■ **Source records**:
******************************
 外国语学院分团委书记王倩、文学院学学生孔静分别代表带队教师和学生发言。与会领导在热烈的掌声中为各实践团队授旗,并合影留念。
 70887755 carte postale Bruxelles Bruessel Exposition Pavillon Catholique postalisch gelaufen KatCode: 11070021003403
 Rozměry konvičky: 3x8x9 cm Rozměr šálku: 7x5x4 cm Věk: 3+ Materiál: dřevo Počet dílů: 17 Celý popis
******************************
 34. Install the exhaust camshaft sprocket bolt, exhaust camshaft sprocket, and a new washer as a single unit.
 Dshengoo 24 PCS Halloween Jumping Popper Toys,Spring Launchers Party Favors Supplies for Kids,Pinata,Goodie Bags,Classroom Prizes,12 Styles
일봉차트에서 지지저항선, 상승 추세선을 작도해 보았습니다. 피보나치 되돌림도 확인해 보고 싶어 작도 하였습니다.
******************************
■ **Required work**: All lines above from the one with "Dshengoo 24 PCS" to the one with "일봉차트에서 지지저항선, 상승", inclusive, should be copied exactly, and no other lines.

■ **Solution to the exercise**:
 Dshengoo 24 PCS Halloween Jumping Popper Toys,Spring Launchers Party Favors Supplies for Kids,Pinata,Goodie Bags,Classroom Prizes,12 Styles
일봉차트에서 지지저항선, 상승 추세선을 작도해 보았습니다. 피보나치 되돌림도 확인해 보고 싶어 작도 하였습니다.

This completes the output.